About this exercise
Repeat every line of the data exactly, but not the pictures.

Dataset extract
***

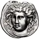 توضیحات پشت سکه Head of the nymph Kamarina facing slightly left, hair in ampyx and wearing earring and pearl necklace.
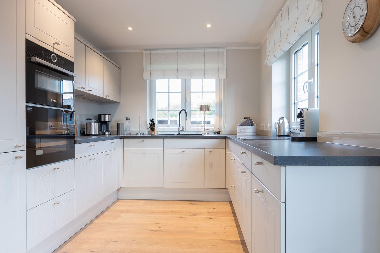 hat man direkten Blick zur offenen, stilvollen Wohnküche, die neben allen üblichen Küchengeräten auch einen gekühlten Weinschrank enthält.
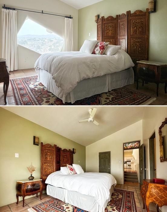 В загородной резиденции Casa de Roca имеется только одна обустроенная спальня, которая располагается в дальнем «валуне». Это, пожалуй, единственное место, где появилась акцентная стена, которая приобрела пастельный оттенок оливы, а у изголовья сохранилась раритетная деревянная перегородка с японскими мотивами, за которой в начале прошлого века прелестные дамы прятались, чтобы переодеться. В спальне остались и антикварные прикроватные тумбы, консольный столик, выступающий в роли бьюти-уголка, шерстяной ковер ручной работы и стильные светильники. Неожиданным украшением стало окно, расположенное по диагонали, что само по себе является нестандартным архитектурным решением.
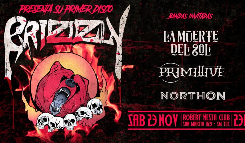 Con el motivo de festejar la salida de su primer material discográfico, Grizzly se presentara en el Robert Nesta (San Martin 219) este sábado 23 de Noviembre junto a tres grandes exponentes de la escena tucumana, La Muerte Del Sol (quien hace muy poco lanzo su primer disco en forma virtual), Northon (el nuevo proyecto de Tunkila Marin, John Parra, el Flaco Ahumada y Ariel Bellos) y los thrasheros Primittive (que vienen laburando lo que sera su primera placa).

***

Final answer
 توضیحات پشت سکه Head of the nymph Kamarina facing slightly left, hair in ampyx and wearing earring and pearl necklace.
 hat man direkten Blick zur offenen, stilvollen Wohnküche, die neben allen üblichen Küchengeräten auch einen gekühlten Weinschrank enthält.
 В загородной резиденции Casa de Roca имеется только одна обустроенная спальня, которая располагается в дальнем «валуне». Это, пожалуй, единственное место, где появилась акцентная стена, которая приобрела пастельный оттенок оливы, а у изголовья сохранилась раритетная деревянная перегородка с японскими мотивами, за которой в начале прошлого века прелестные дамы прятались, чтобы переодеться. В спальне остались и антикварные прикроватные тумбы, консольный столик, выступающий в роли бьюти-уголка, шерстяной ковер ручной работы и стильные светильники. Неожиданным украшением стало окно, расположенное по диагонали, что само по себе является нестандартным архитектурным решением.
 Con el motivo de festejar la salida de su primer material discográfico, Grizzly se presentara en el Robert Nesta (San Martin 219) este sábado 23 de Noviembre junto a tres grandes exponentes de la escena tucumana, La Muerte Del Sol (quien hace muy poco lanzo su primer disco en forma virtual), Northon (el nuevo proyecto de Tunkila Marin, John Parra, el Flaco Ahumada y Ariel Bellos) y los thrasheros Primittive (que vienen laburando lo que sera su primera placa).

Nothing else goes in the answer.